33. A method of correcting a genetic mutation in a mammal, comprising administering to the mammal a composition comprising exosomes that are genetically modified to incorporate a nuclease genome editing system adapted to correct the genetic mutation.

34. The method of claim 33, wherein the exosomes are essentially free from particles having a diameter less than 20 nm or greater than 140 nm.

35. The method of claim 33, wherein the exosomes exhibit a zeta potential having a magnitude of at least about 30 mV, and preferably 40 mV or greater.

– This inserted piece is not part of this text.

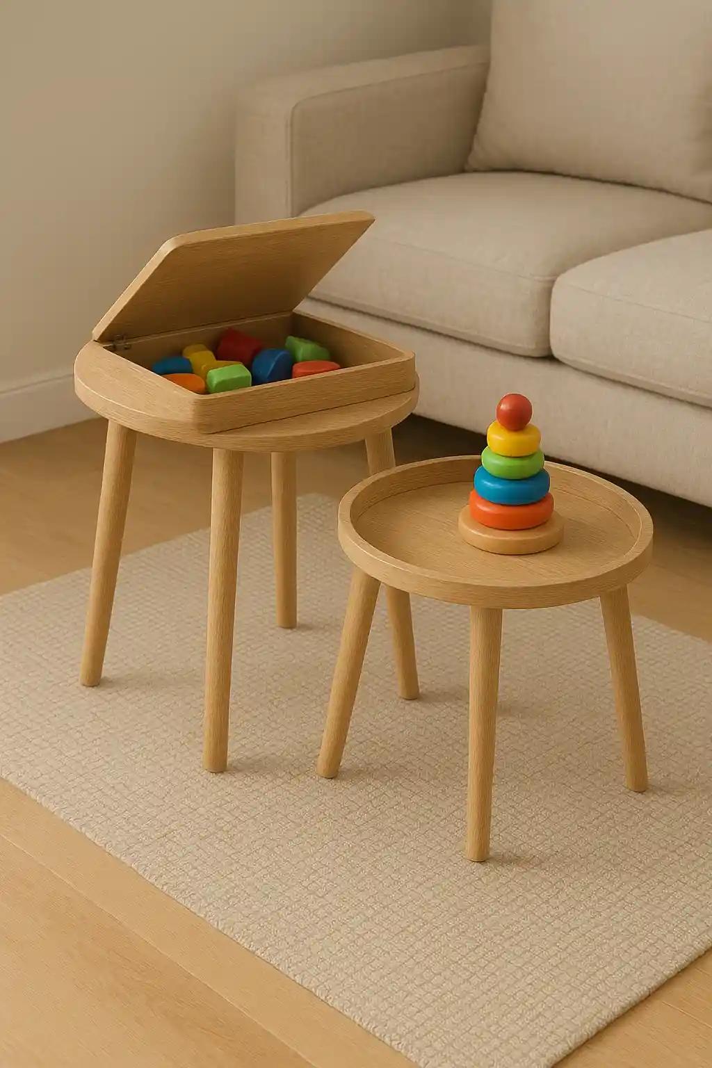 Nesting tables can be stacked or used separately. Opt for ones with hidden compartments or trays. They work well in living rooms where you want quick toy access without visible clutter.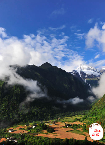 这个角度拍到的雨崩下村,估计大家很少有人见过,这是在去尼农峡谷的路上拍到的。这时的雨崩村感觉更立体了,色彩层次也更分明了。

36. The method of claim 33, wherein the exosomes are isolated from a biological sample using a method comprising the following steps: i) exposing the biological sample to a first centrifugation to remove cellular debris greater man about 7-10 microns in size from the sample and obtaining the supernatant following centrifugation; ii) subjecting the supernatant from step i) to centrifugation to remove microvesicles therefrom; iii) microfiltering the supernatant from step ii) and collecting the microfiltered supernatant; iv) subjecting the microfiltered supernatant from step iii) to at least one round of ultracentrifugation to obtain an exosome pellet; and v) re- suspending the exosome pellet from step iv) in a physiological solution and conducting a second ultracentrifugation in a density gradient and removing the exosome pellet fraction therefrom.

37. The method of claim 33, wherein the exosomes are isolated from a biological sample using a method comprising the following steps: i) optionally exposing the biological sample to pre-enrichment to remove debris therefrom; and ii) subjecting the biological sample to immunoaffinity capture with an antibody cocktail comprising at least three different antibodies having affinity for different exosome surface proteins, wherein the exosomes bind to the antibodies which bind or are bound to a solid support to yield an exosome-solid support complex.

38. The method of claim 33, wherein the genetic mutation is a nuclear gene mutation.

39. The method of claim 33, wherein the genetic mutation is a mitochondrial gene mutation.

40. The method of claim 33, wherein the nuclease genome editing system is adapted to correct a mutation in mitochondrial NADH-ubiquinone oxidoreductase chain 4, alpha acid glucosidase, dystrophin or peroxisome proliferator-activated receptor gamma coactivator 1- alpha.